§ Exercise brief: Write out, please, each line from the one containing "女士无袖运动背心,宽松版型,适合徒步、跑步、健身、瑜伽等夏季运动。 - 綠色" to the final line of the data, both included, exactly and without pictures.

Dataset entries:
=== Begin Enclosure ===

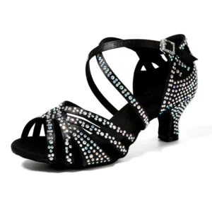 Latin dance shoes Black silver diamond inlaid dance shoes Special dance shoes Latin dance shoes High heels 7.5cm
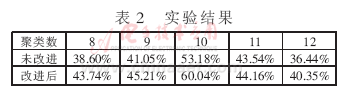 試驗(yàn)中對使用公式(3)和(5)的改進(jìn)k-means算法和原k-means算法的平均準(zhǔn)確度進(jìn)行了比較,實(shí)驗(yàn)結(jié)果如表2所示。
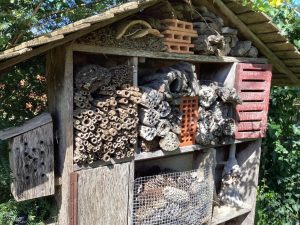 A la balise n°8, on est allé dans un jardin avec un potager. Dans leur jardin, Pierre et Françoise cultivent plein de plantes et pour avoir plus de fruits et de légumes, ils ont construit un hôtel à insectes et ils ne tondent pas la pelouse partout pour avoir plus de fleurs.
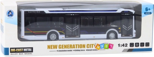 Kovový městský autobus se světly a zvuky 1:42 bílý
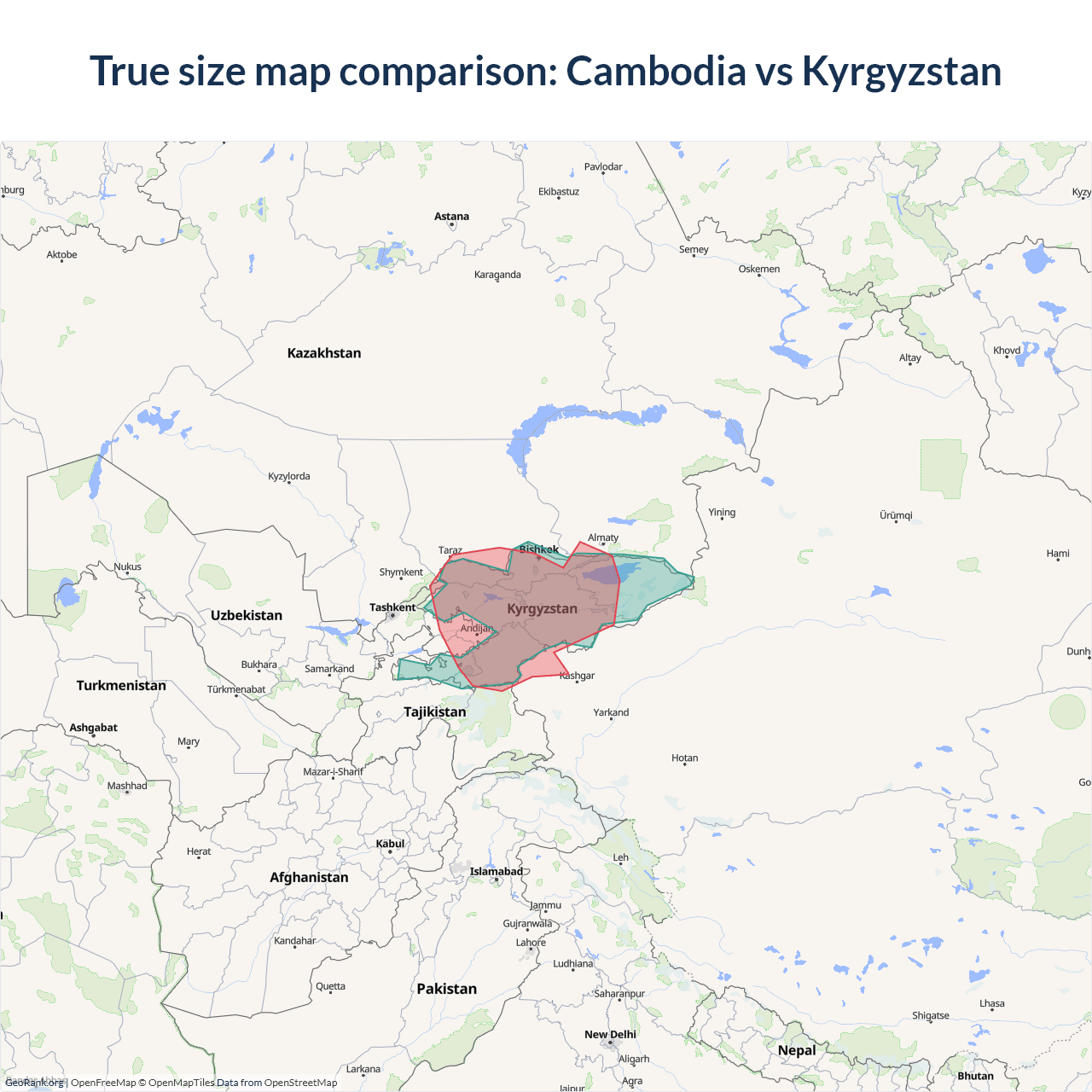 The map above outlines the borders of Cambodia and Kyrgyzstan but is not accurate for size comparison because it's a 2d map with Mercator projection that distorts territories near the poles. The farther a country is from the equator, the more magnified it appears. More about country size projections.
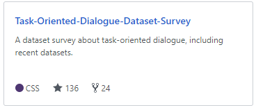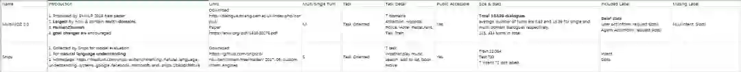 任务型对话任务并不是新课题,但是针对任务型对话的广泛研究在最近几年才兴起。任务型对话研究的方兴未艾反映在数据和语料上,就是目前现有的任务型对话数据集数量少,且其他成熟的任务已有的数据集在数据量上要少的多。 在这种情况下,尽可能多找到并有效的利用已有的数据资源就成为开展研究的关键之一。然而,搜罗并全面的寻找合适的数据集是一个费时费力的工作,所以整理统计目前已有的任务型对话领域的数据集的信息是有必要的,可以极大地为相关研究工作提供便利,让研究工作得以地快速开始。
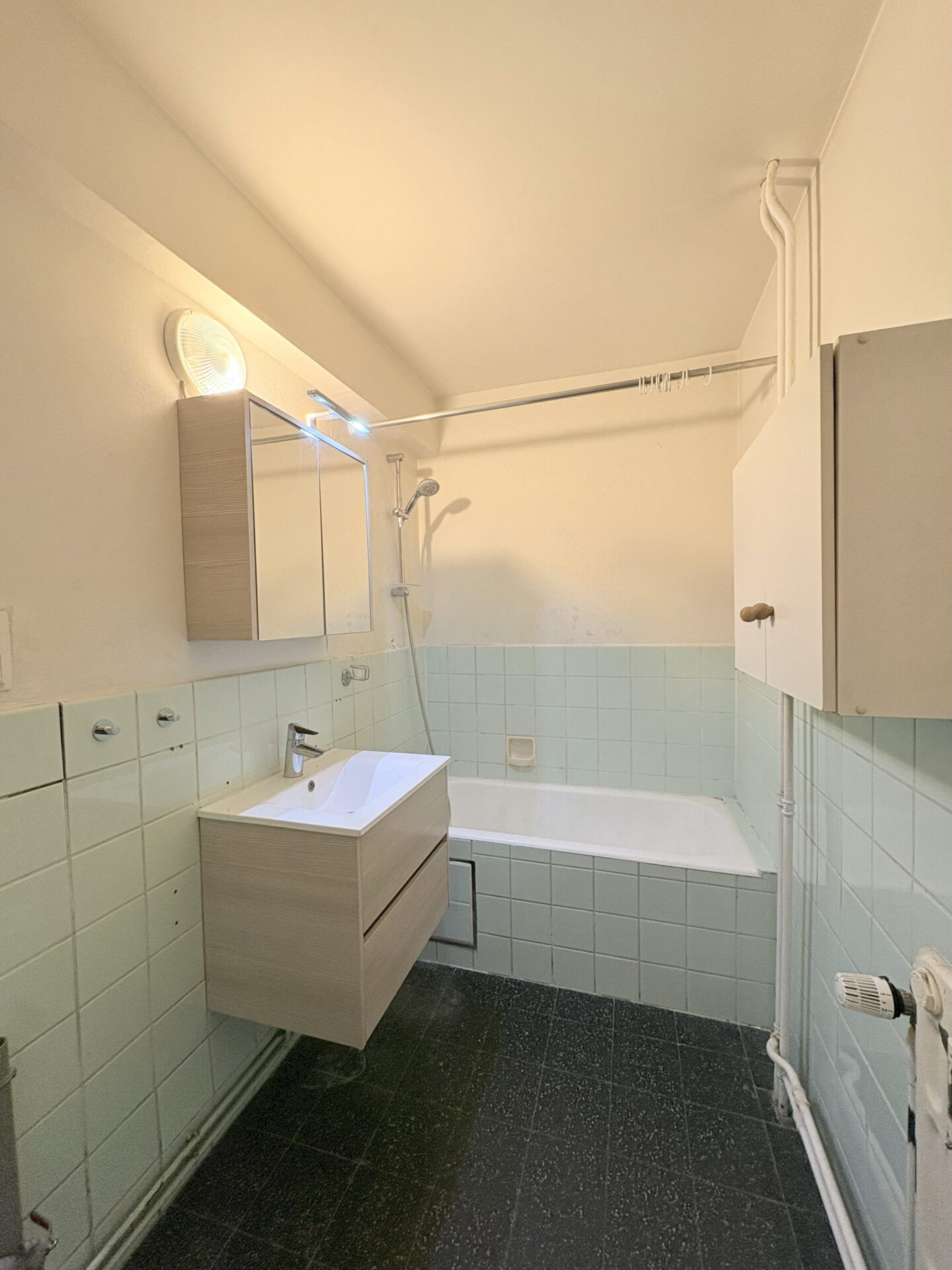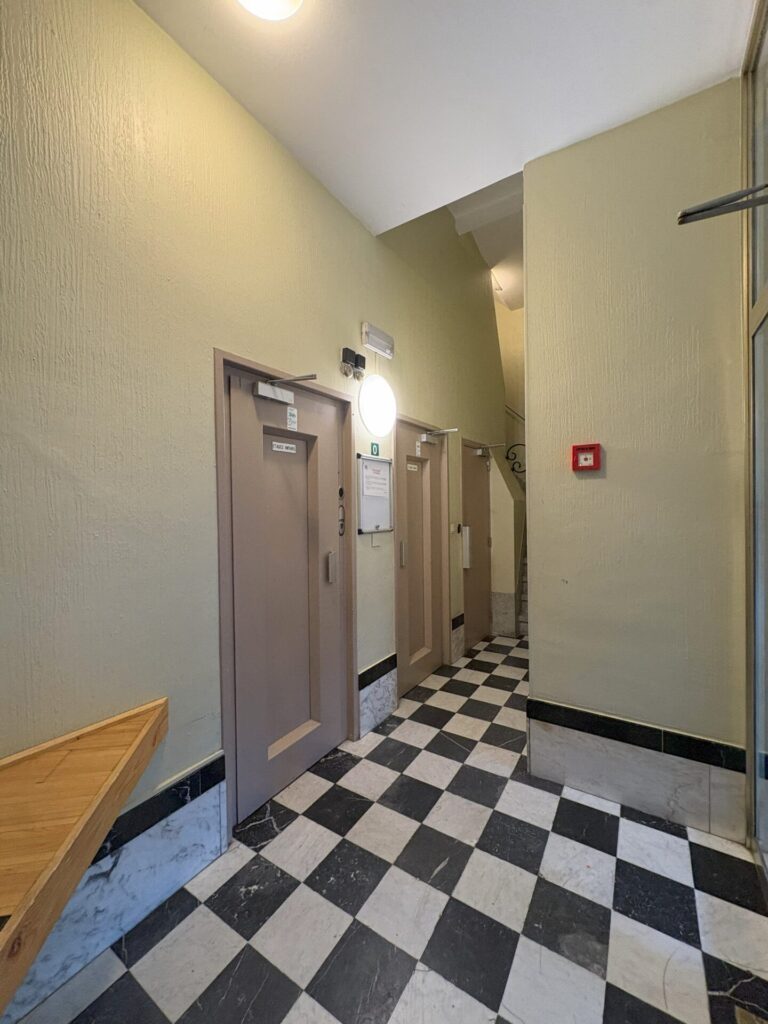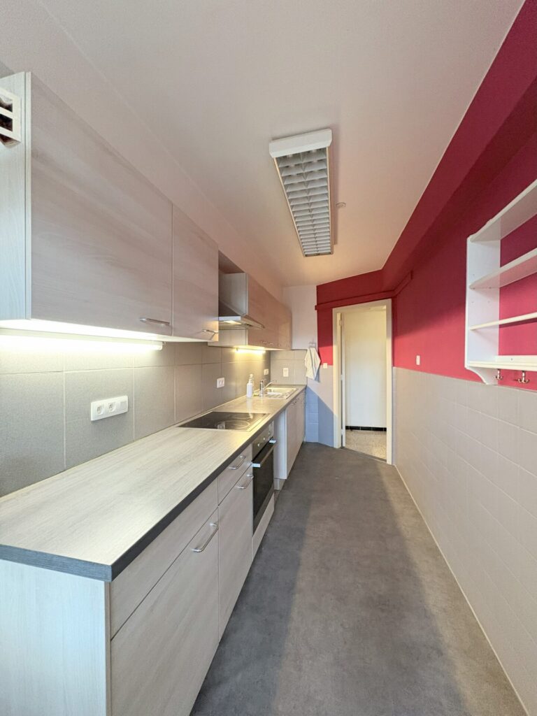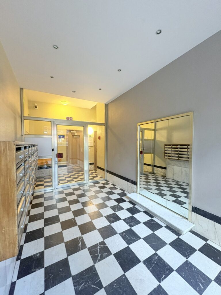 Situé dans un immeuble datant de 1964, cet appartement spacieux et lumineux se compose d’un beau hall d’entrée avec rangements, d’un vaste séjour/salle à manger baigné de lumière grâce à de grandes fenêtres, et d’une cuisine équipée séparée avec accès à un grand balcon s’étendant sur toute la longueur jusqu’aux chambres.
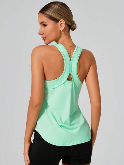 女士无袖运动背心,宽松版型,适合徒步、跑步、健身、瑜伽等夏季运动。 - 綠色 - 查看 3
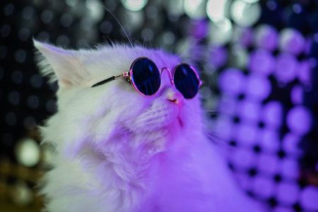 Luxurious domestic kitty in glasses poses on purple background.Portrait of white furry cat in fashion eyeglasses. Studio neon light
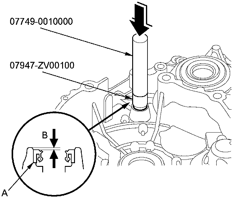 2. Install the new oil seal (A) in the torque converter housing to a depth (B) of 0.5-1.5 mm (0.02-0.06 in) below the housing surface using the driver handle and the oil seal driver attachment.
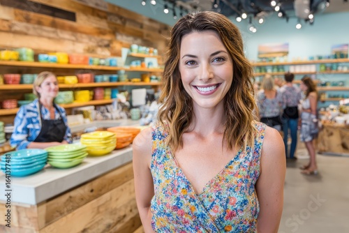 Smiling woman in store with shelves filled with colorful pottery and decor

=== End Enclosure ===

§ Answer space:
 女士无袖运动背心,宽松版型,适合徒步、跑步、健身、瑜伽等夏季运动。 - 綠色 - 查看 3
 Luxurious domestic kitty in glasses poses on purple background.Portrait of white furry cat in fashion eyeglasses. Studio neon light
 2. Install the new oil seal (A) in the torque converter housing to a depth (B) of 0.5-1.5 mm (0.02-0.06 in) below the housing surface using the driver handle and the oil seal driver attachment.
 Smiling woman in store with shelves filled with colorful pottery and decor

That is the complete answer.